**** Records for the exercise ****
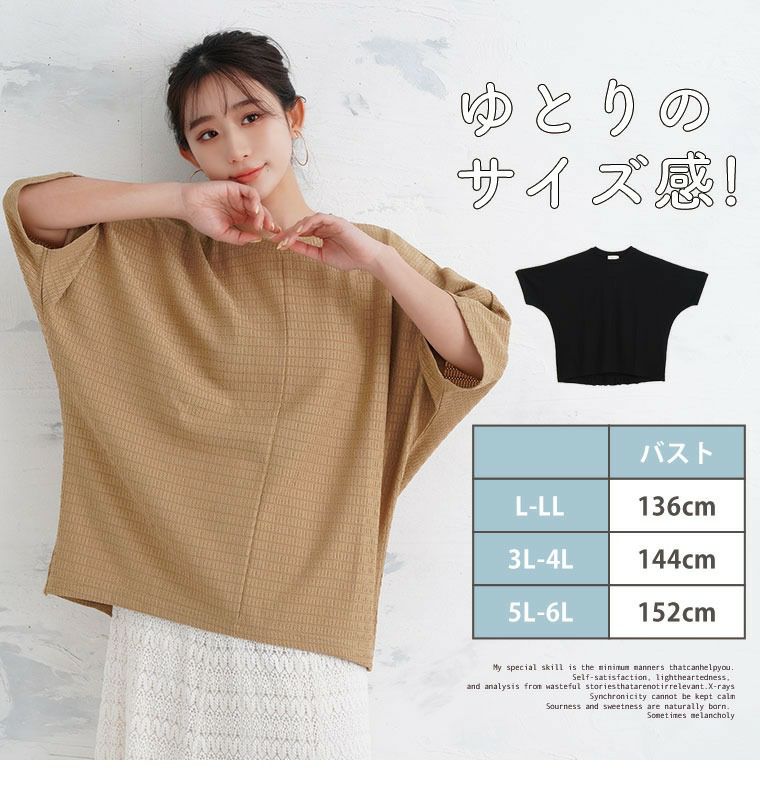 他の画像を見る カットソー LL 3L 4L 5L 6L 7L 8L 半袖 五分袖 夏 夏物 夏服 夏用 ぽっちゃり ゆったり お腹 可愛いも着やすいも我慢しない! さらりと着映える ゆるっと楽ちん カット楊柳 Tシャツ | 大きいサイズの通販ならハッピーマリリン 価格 ¥ 2,190 税込 4.00 お気に入りに登録する
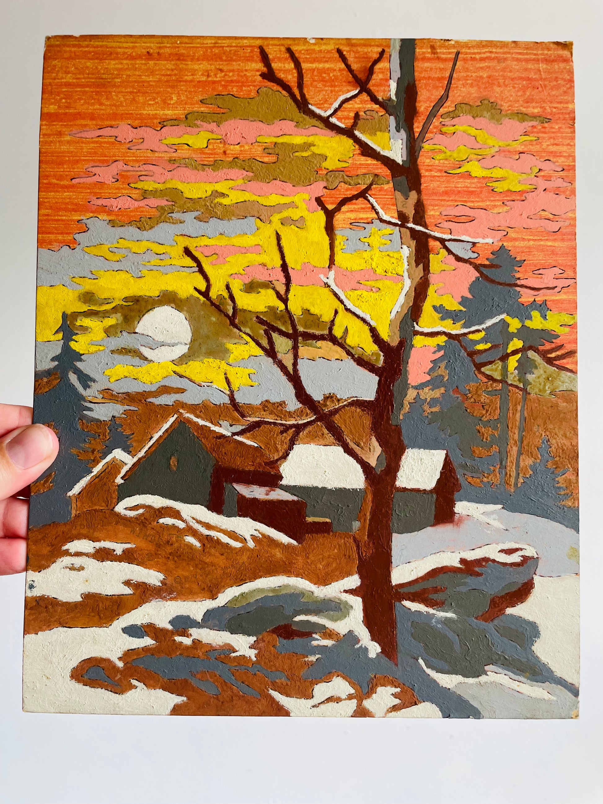Vintage 1960s Paint by Number (PBN) Picture on Board of Sunrise or Sunset Over Cabin in Forest - 8" x 10"
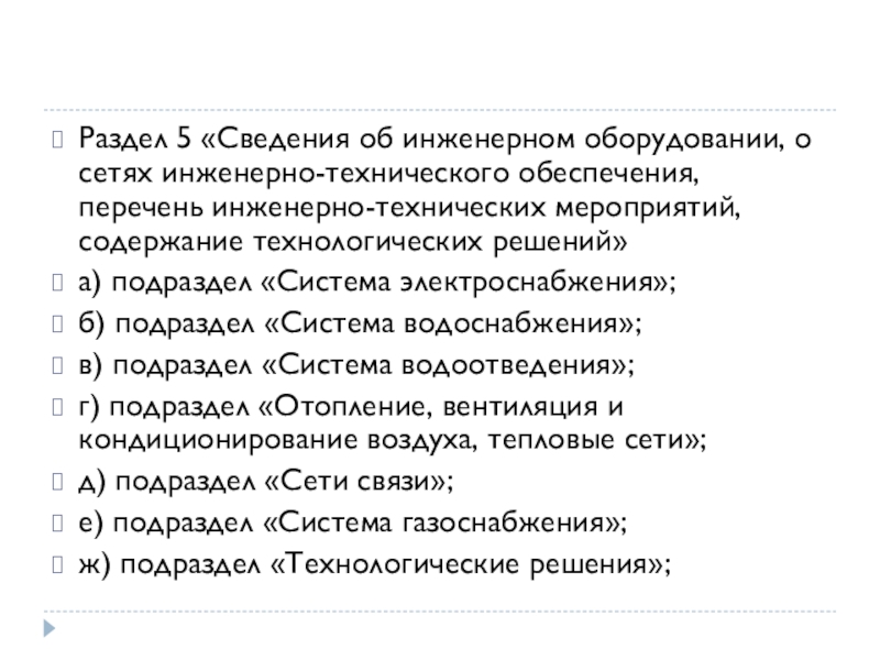 Слайд 16Раздел 5 «Сведения об инженерном оборудовании, о сетях инженерно-технического обеспечения, перечень
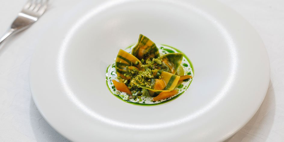 Chef Takuaki Hamamoto honed his craft at several renowned restaurants across Italy, from north to south, before gaining further experience in Singapore. Today, he brings that breadth of expertise to Tokyo. His cooking is defined by thoughtful pairings and a restrained, simple approach that draws out each ingredient’s natural flavor to its fullest. One standout dish, the “Pumpkin and Pistachio Ravioli,” showcases seasonal vegetables delivered from Japanese farms alongside Sicilian pistachios, brought together through his distinctive technique—an elegant expression of FARO’s culinary philosophy.[
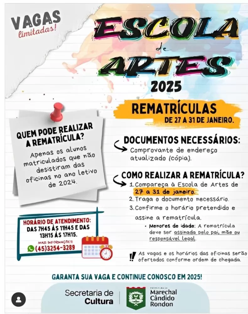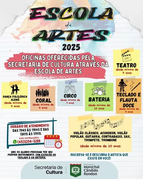 Inscrições abertas: Escola de Artes de Marechal Cândido Rondon inicia período de rematrículas
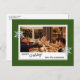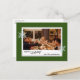 Cartão de Férias Único, clássico, de moda, bonito e decorativo. Texto e sala de saudação de Feliz Natal para personalizar ou personalizar com uma foto, um nome de família (ou nomes individuais) e uma mensagem de sua escolha, enquadrados por dois flocos de neve coloridos de cor prateada em um fundo verde de floresta escuro clássico.
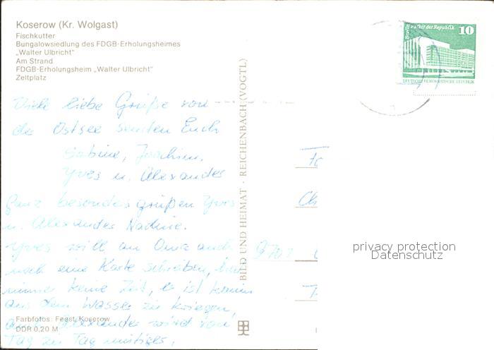 72383123 alte Postkarte Koserow Ostseebad Usedom Fischkutter Bungalows Strand postalisch gelaufen Erhaltung siehe scans KatCode: 11110013059044
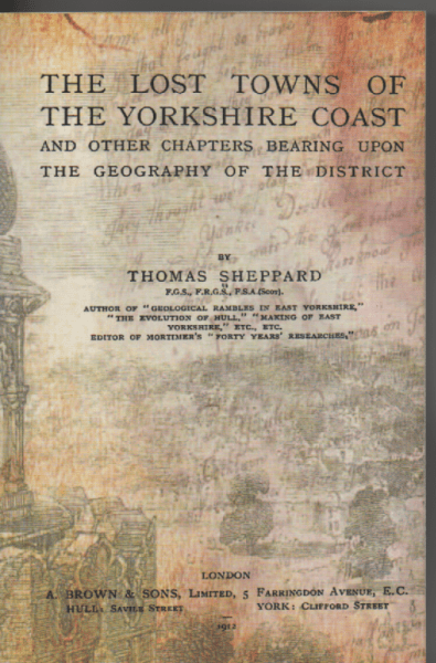Above is the cover page of a reprinted book first published in 1912. The author ‘Tom’ Sheppard was the first curator of Hull Museums located on Albion Street in a large building, never rebuilt after being bombed in 1943. A large volume of the exhibits were also destroyed, for example the long log dug-out canoe, thought to be Neolithic or earlier, found in the anaerobic muds of the River Ancholme in the early 20th century (maybe 1890s).
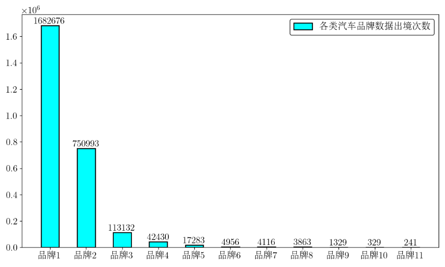存正在汽车数据出境行动的汽车品牌11个,占所了解品牌的73.3%。此中排名第一的品牌出境次数达1,682,676次,整体景况如图 2所示,合座来看,汽车数据出境是涉及众类汽车品牌的一般行动。
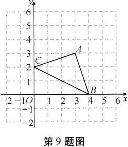9. 如图,在直角坐标系中,已知△ABC三个顶点的坐标分别为A(3,3),B(4,0),C(0,2).
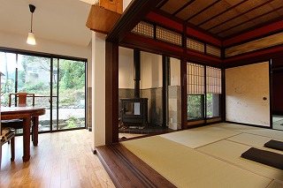 リフォーム後![]() 吹き抜けにしたことで1階からのあたたまった空気が上へ抜けるようにしました。 ![]() 空間のポイントにもなる薪ストーブ。 ![]() 薪ストーブの周りには石を施工し、蓄熱効果があり、薪ストーブを消した後も暖かく過ごす事ができます。 |
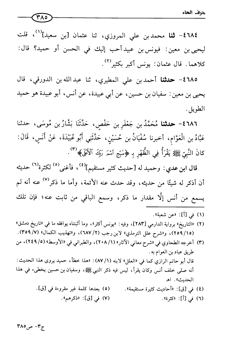 4685 - حَدثنا أحمد بن علي المطيري، حَدثنا عَبد الله بن الدورقي، قال يَحيى بن مَعين: سفيان بن حسين، عن أبي عبيدة، عن أَنَس؛ أَبو عبيدة: هو حميد الطويل.
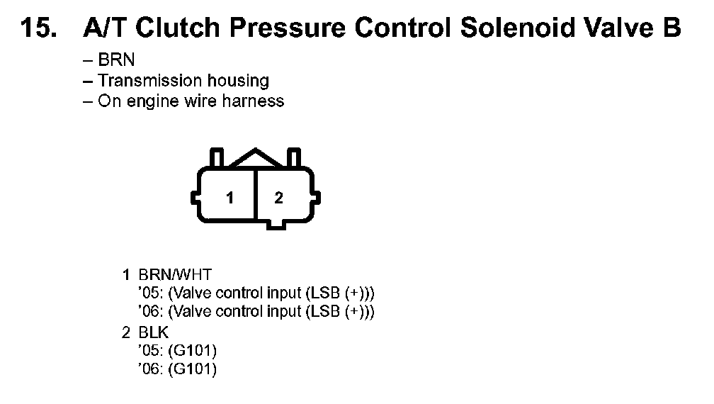 15. A/T Clutch Pressure Control Solenoid Valve B:
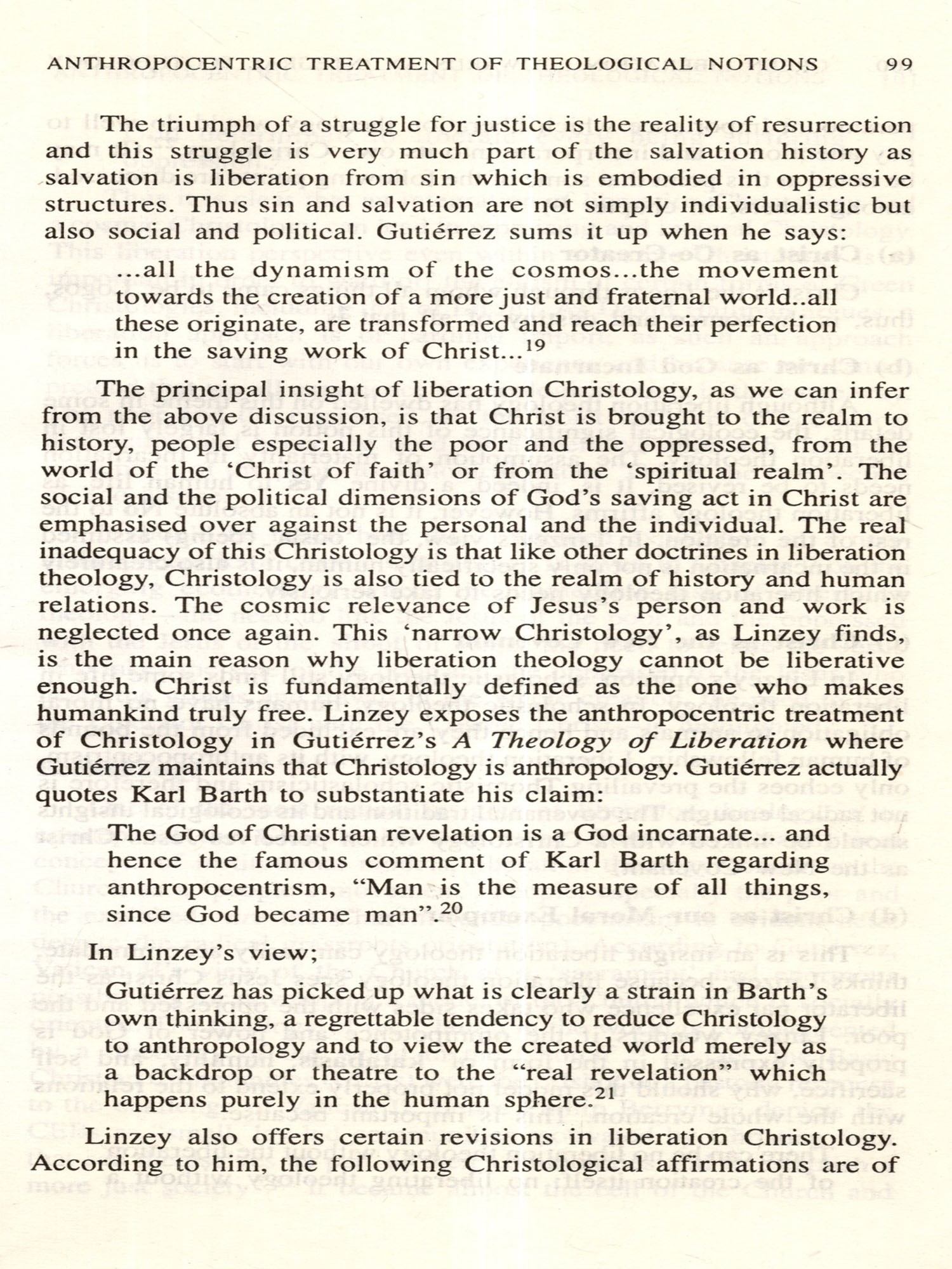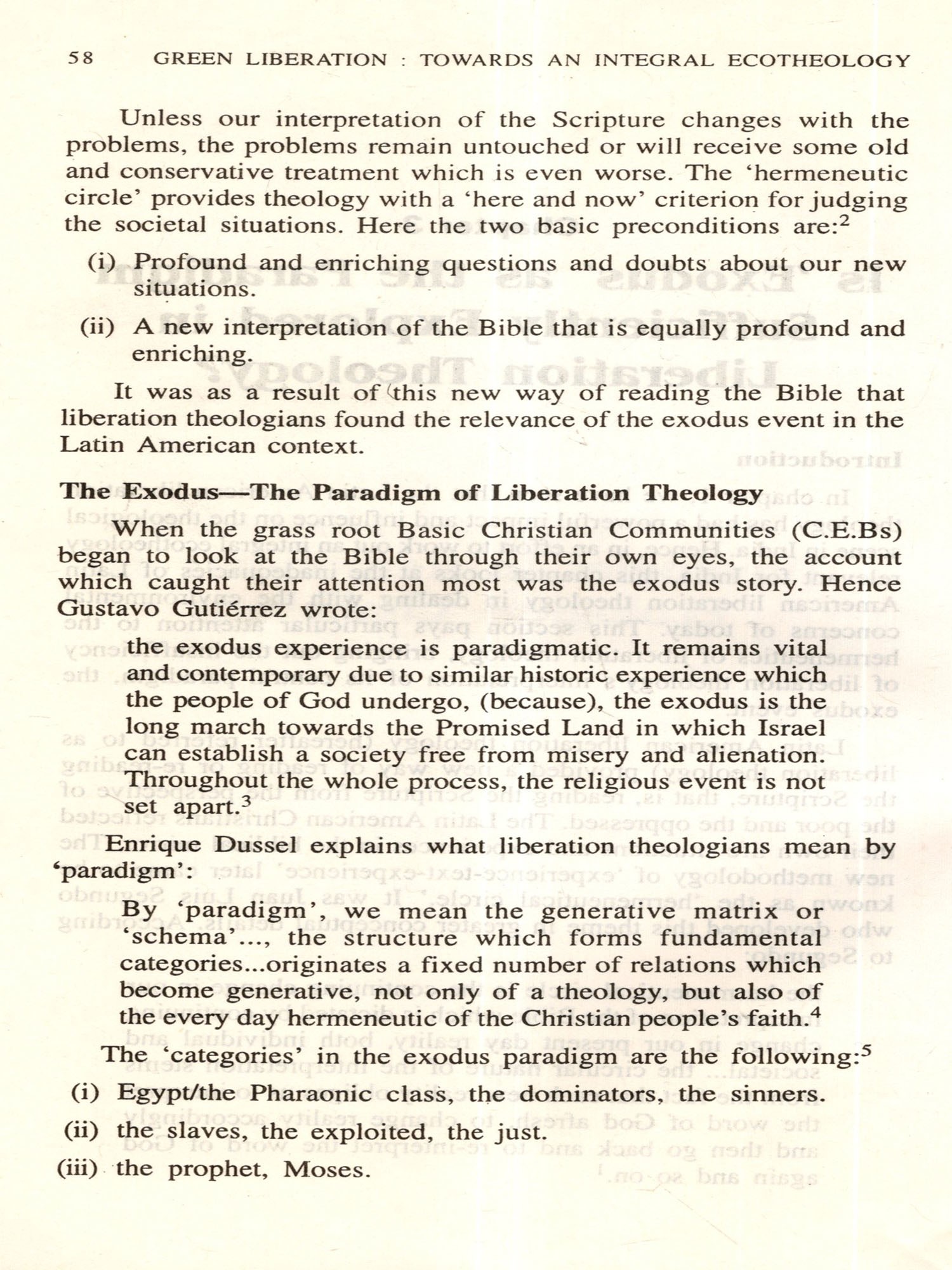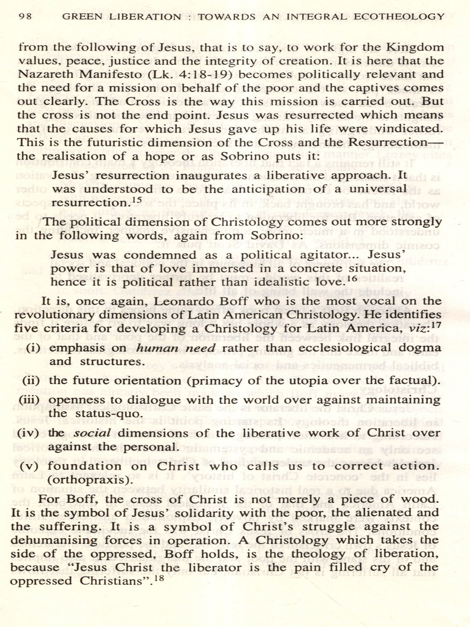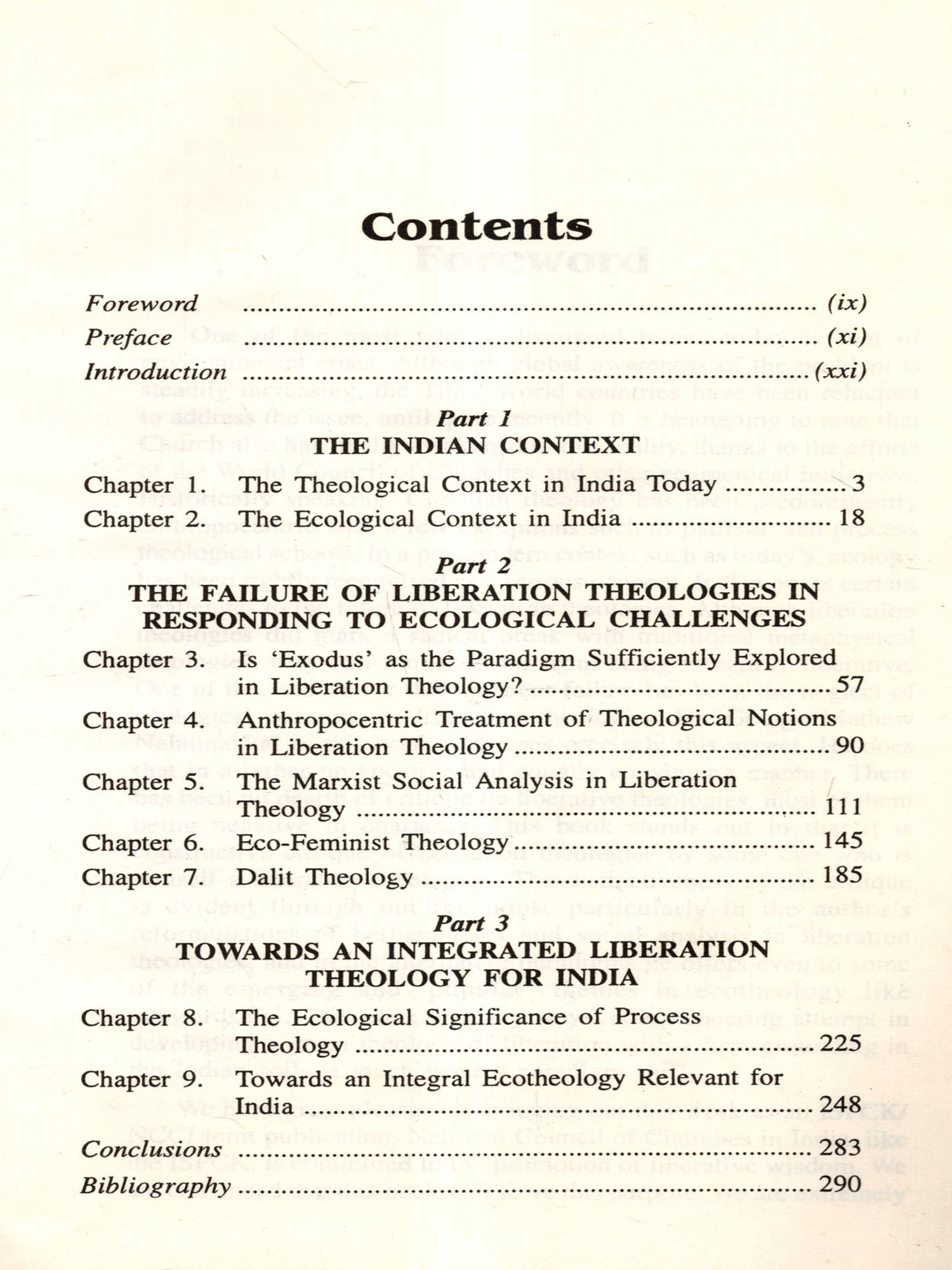 The early years of my theological education had been characterised by a passion for articulating liberation theology, albeit the Latin American version of it. Fr. Sebastian Kappan, himself a renowned liberation theologian, was one of my greatest intellectual influences. Some ten years ago, during an informal chat with him, on 'the future of liberation theology', Fr. Kappan said: "Liberation theology has become stale". Those words did come to be as a real shock. Not because I did not agree with him. On the contrary, contra I could not agree more with him on that point. It shocked me because he was probably the first theologian to admit that liberation theology had certain serious problems to sort out. I was myself beginning to think along those lines and look at some areas within liberation theology in a critical manner. One of the concerns I always had was the total neglect of the cosmic (ecological) dimension and the exclusive anthropocentric thrust in liberation theology. My own involvement, then, in the anti-Nuclear plants in Karnataka convinced me that it was, indeed, a serious overlook in liberation theology, as environmental concerns in the Third World countries have always been, in a real sense, social justice concerns. I drew the attention of Fr. Kappan to this aspect of the absence of ecological concerns in liberation theology. Agreeing with my observation, and once again, to my pleasant surprise, he told me that he was already working on an 'Indian ecotheology' from a liberationist perspective which, in his own words, would "transcend Marxist analysis of society and anthropocentric treatment of theological doctrines". Encouraged by those words, I invited him to share his views on ecotheology at a meeting in the United Theological College, Bangalore. Fr. Kappan brought out the limitations of liberation theology when he dwelt on anthropocentrism and the uncritical use of and overreliance on Marxist class analysis in liberation theology. I followed every bit of his presentation with much excitement because his views struck a harmonious chord with my own thinking. Perhaps, the only thing which I missed in his talk was some discussion on hermeneutics in liberation theology. The biblical interpretation, particularly the exodus hermeneutics in liberation theology, although it was a ground breaking experiment, betrayed shallowness in exegesis. Unfortuna-tely, Fr. Kappan was called back to Mother Earth a few years ago, rather prematurely, leaving the task of developing an integral ecotheology still undone. I thought I could pay my humble tribute to Fr. Kappan by venturing to undertake the task of developing an integral ecotheology, which would in essence be a green version of liberation theology. I was fully aware that I was entering a path which angels would fear to tread. This was the motivation for me to do by Ph.D on "Towards an integral ecotheology relevant for Indía". As the dissertation comes out in a book form, it is my sincere hope that the book will at least be regarded as a step forward as far as the future of liberation theologies is concerned, particularly in the Indian context.
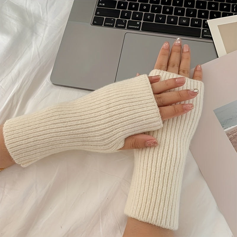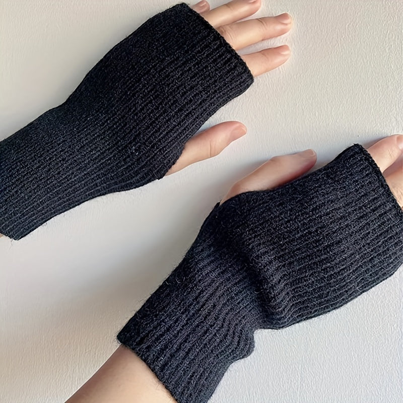 Solid Color Knitted Fingerless Gloves Touch Screen Compatible Warmth
****
#### [Your assignment]
For each record above, write out its text exactly and skip any picture.

#### [Written answer]
 他の画像を見る カットソー LL 3L 4L 5L 6L 7L 8L 半袖 五分袖 夏 夏物 夏服 夏用 ぽっちゃり ゆったり お腹 可愛いも着やすいも我慢しない! さらりと着映える ゆるっと楽ちん カット楊柳 Tシャツ | 大きいサイズの通販ならハッピーマリリン 価格 ¥ 2,190 税込 4.00 お気に入りに登録する
Vintage 1960s Paint by Number (PBN) Picture on Board of Sunrise or Sunset Over Cabin in Forest - 8" x 10"
 Слайд 16Раздел 5 «Сведения об инженерном оборудовании, о сетях инженерно-технического обеспечения, перечень
 Chef Takuaki Hamamoto honed his craft at several renowned restaurants across Italy, from north to south, before gaining further experience in Singapore. Today, he brings that breadth of expertise to Tokyo. His cooking is defined by thoughtful pairings and a restrained, simple approach that draws out each ingredient’s natural flavor to its fullest. One standout dish, the “Pumpkin and Pistachio Ravioli,” showcases seasonal vegetables delivered from Japanese farms alongside Sicilian pistachios, brought together through his distinctive technique—an elegant expression of FARO’s culinary philosophy.[
 Inscrições abertas: Escola de Artes de Marechal Cândido Rondon inicia período de rematrículas
 Cartão de Férias Único, clássico, de moda, bonito e decorativo. Texto e sala de saudação de Feliz Natal para personalizar ou personalizar com uma foto, um nome de família (ou nomes individuais) e uma mensagem de sua escolha, enquadrados por dois flocos de neve coloridos de cor prateada em um fundo verde de floresta escuro clássico.
 72383123 alte Postkarte Koserow Ostseebad Usedom Fischkutter Bungalows Strand postalisch gelaufen Erhaltung siehe scans KatCode: 11110013059044
Above is the cover page of a reprinted book first published in 1912. The author ‘Tom’ Sheppard was the first curator of Hull Museums located on Albion Street in a large building, never rebuilt after being bombed in 1943. A large volume of the exhibits were also destroyed, for example the long log dug-out canoe, thought to be Neolithic or earlier, found in the anaerobic muds of the River Ancholme in the early 20th century (maybe 1890s).
存正在汽车数据出境行动的汽车品牌11个,占所了解品牌的73.3%。此中排名第一的品牌出境次数达1,682,676次,整体景况如图 2所示,合座来看,汽车数据出境是涉及众类汽车品牌的一般行动。
9. 如图,在直角坐标系中,已知△ABC三个顶点的坐标分别为A(3,3),B(4,0),C(0,2).
 リフォーム後![]() 吹き抜けにしたことで1階からのあたたまった空気が上へ抜けるようにしました。 ![]() 空間のポイントにもなる薪ストーブ。 ![]() 薪ストーブの周りには石を施工し、蓄熱効果があり、薪ストーブを消した後も暖かく過ごす事ができます。 |
 4685 - حَدثنا أحمد بن علي المطيري، حَدثنا عَبد الله بن الدورقي، قال يَحيى بن مَعين: سفيان بن حسين، عن أبي عبيدة، عن أَنَس؛ أَبو عبيدة: هو حميد الطويل.
 15. A/T Clutch Pressure Control Solenoid Valve B:
 The early years of my theological education had been characterised by a passion for articulating liberation theology, albeit the Latin American version of it. Fr. Sebastian Kappan, himself a renowned liberation theologian, was one of my greatest intellectual influences. Some ten years ago, during an informal chat with him, on 'the future of liberation theology', Fr. Kappan said: "Liberation theology has become stale". Those words did come to be as a real shock. Not because I did not agree with him. On the contrary, contra I could not agree more with him on that point. It shocked me because he was probably the first theologian to admit that liberation theology had certain serious problems to sort out. I was myself beginning to think along those lines and look at some areas within liberation theology in a critical manner. One of the concerns I always had was the total neglect of the cosmic (ecological) dimension and the exclusive anthropocentric thrust in liberation theology. My own involvement, then, in the anti-Nuclear plants in Karnataka convinced me that it was, indeed, a serious overlook in liberation theology, as environmental concerns in the Third World countries have always been, in a real sense, social justice concerns. I drew the attention of Fr. Kappan to this aspect of the absence of ecological concerns in liberation theology. Agreeing with my observation, and once again, to my pleasant surprise, he told me that he was already working on an 'Indian ecotheology' from a liberationist perspective which, in his own words, would "transcend Marxist analysis of society and anthropocentric treatment of theological doctrines". Encouraged by those words, I invited him to share his views on ecotheology at a meeting in the United Theological College, Bangalore. Fr. Kappan brought out the limitations of liberation theology when he dwelt on anthropocentrism and the uncritical use of and overreliance on Marxist class analysis in liberation theology. I followed every bit of his presentation with much excitement because his views struck a harmonious chord with my own thinking. Perhaps, the only thing which I missed in his talk was some discussion on hermeneutics in liberation theology. The biblical interpretation, particularly the exodus hermeneutics in liberation theology, although it was a ground breaking experiment, betrayed shallowness in exegesis. Unfortuna-tely, Fr. Kappan was called back to Mother Earth a few years ago, rather prematurely, leaving the task of developing an integral ecotheology still undone. I thought I could pay my humble tribute to Fr. Kappan by venturing to undertake the task of developing an integral ecotheology, which would in essence be a green version of liberation theology. I was fully aware that I was entering a path which angels would fear to tread. This was the motivation for me to do by Ph.D on "Towards an integral ecotheology relevant for Indía". As the dissertation comes out in a book form, it is my sincere hope that the book will at least be regarded as a step forward as far as the future of liberation theologies is concerned, particularly in the Indian context.
 Solid Color Knitted Fingerless Gloves Touch Screen Compatible Warmth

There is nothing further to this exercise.